POR AYANTA
Detesto las religiones y sus dogmas. Me parecen un cúmulo de reglas absurdas y consejos trasnochados. Su principal actividad es la de censurar y, en ocasiones, matar, en nombre de un Dios diabólico, muy poco generoso, repleto de intereses económicos y políticos. Sin embargo admiro a todas aquellas personas que gozan de un sentimiento místico, alejado de la parafernalia institucional. Siento una gran admiración por todo aquel, con o sin sotana, que consigue alcanzar un crecimiento espiritual, una sabiduría, una visión diferente y más elevada de la realidad que nos envuelve. También es verdad que hay religiones mejores y otras peores, aunque, en general, resultan más dañinas aquéllas que pretenden hacer proselitismo, porque lo hacen por las buenas y si no, por las malas, lo cual resulta aterrador.
La mía, la que me pertenece por el lugar en el que he nacido, es obviamente la católica. Gracias a ella he aprendido a apreciar el arte, la literatura, incluso el teatro y la música. La misa, las procesiones de Semana Santa, las Navidades, la lectura de la Biblia, la Historia Sagrada, repleta de personajes increíbles, la vida milagrosa de Jesús... Todo me sirvió en su día para descubrir un mundo fantástico y mágico que tenía la capacidad de alimentar las artes y convertirse en fuente de inspiración permanente. Por eso me parece un error imperdonable eliminar del sistema educativo las clases de religión, o más bien de historia de la religión, puesto que es un aspecto que forma parte ineludible de nuestra cultura.
A tenor de lo que cuentan en los periódicos, quizás habría que prescindir de los curas en la educación y no de la enseñanza de esta asignatura. Yo jamás permitiría que un hijo mío tuviera un contacto cotidiano con tales personas porque me parece que han abrazado un modo de vida que choca con los dictados naturales de los hombres. Entiendo que si con el celibato se pretende eliminar una parte fundamental de nuestro ser, como es el amor y el sexo, difícil será que esto no genere algún tipo de patología. Y ya sé que es una generalización, ya sé que la mayoría no son así, pero el miedo impone la duda y, por lo tanto, la cautela.

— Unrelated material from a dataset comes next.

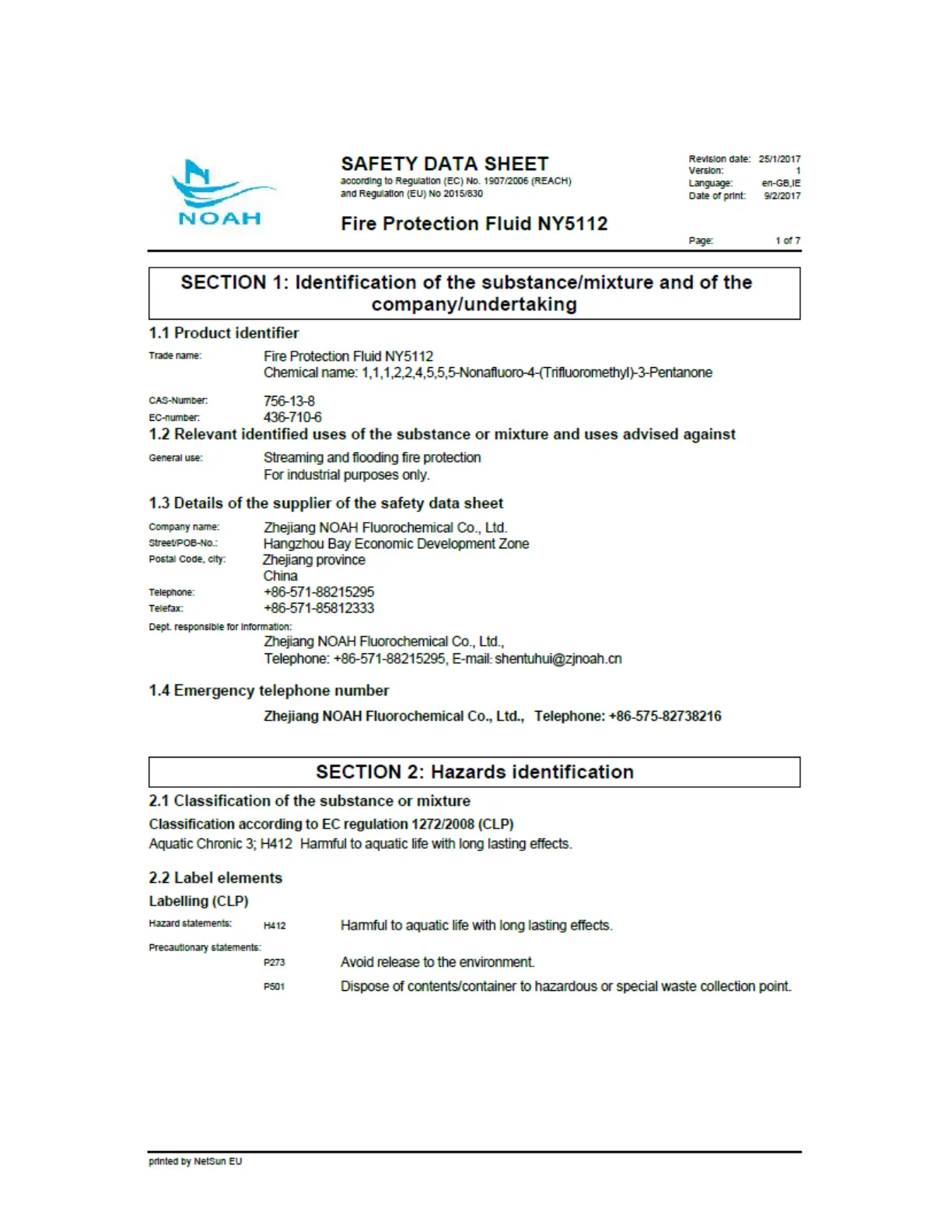 APPENDIX H - SAFETY DATA SHEET NOAH NY5112
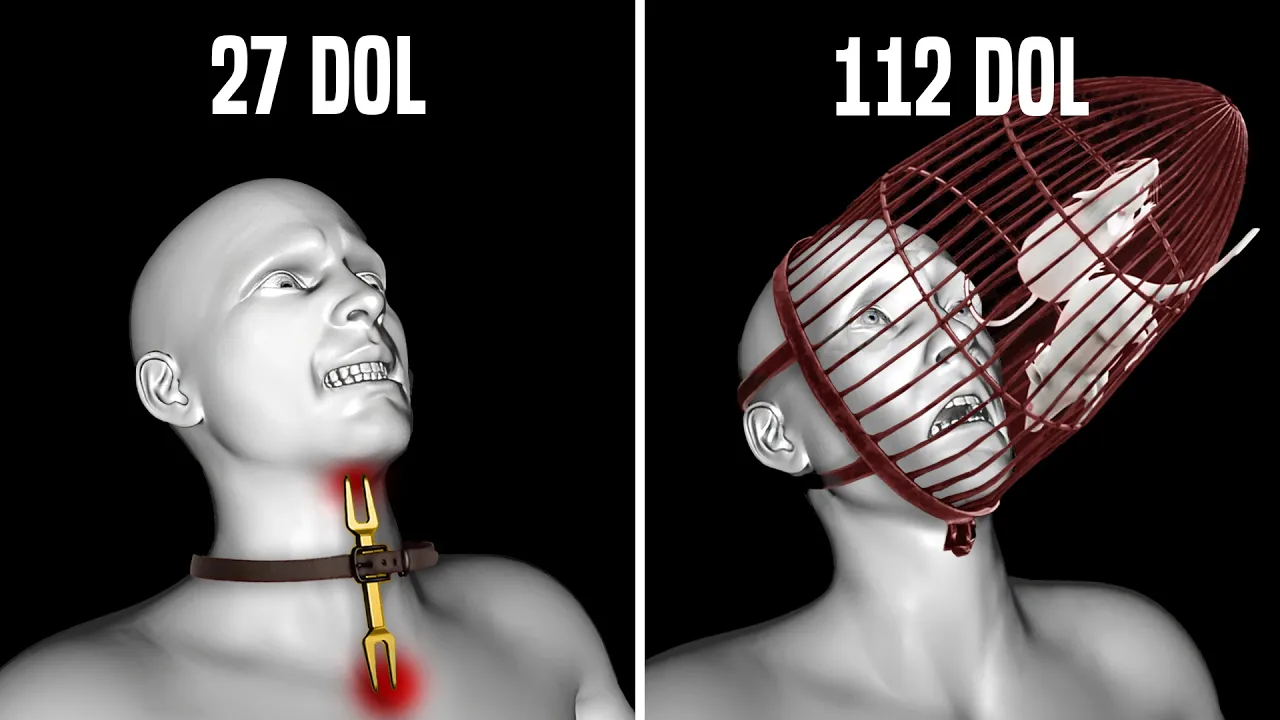 you said something wrong about the church in the Middle Ages so the Inquisition is after you now they've used a leather strap to secure a device that looks like a two-way fork with two sharp points on your neck one of its sides is pushing against your sternum and the other against your chin at first you tried to keep your head up to lessen the pain but you couldn't stay like this for long the so-called Heretics Fork wasn't deadly but made the victim suffer from the tiniest move however on the scale of pain based on scientific

Mejor prevenir que curar. El cura que acosa y viola a un niño no es un pederasta, es un hombre que no puede desfogar sus impulsos sexuales y lo hace, por lo tanto, con quien no tiene capacidad de réplica.
Los niños representan la perfección del universo, la suprema creación. Son seres andróginos y mudos, ingenuos y generosos, confiados por definición. Son los ángeles de este mundo, y del otro. Ellos sí son el cordón umbilical entre lo humano y lo divino y no los que se consideran elegidos para enseñarnos dónde esta la frontera entre el bien y el mal.
Ellos son los verdaderos mensajeros de la paz y no los representantes de una iglesia que ni siquiera se atreven a hacer un análisis de conciencia y denunciar lo inadmisible.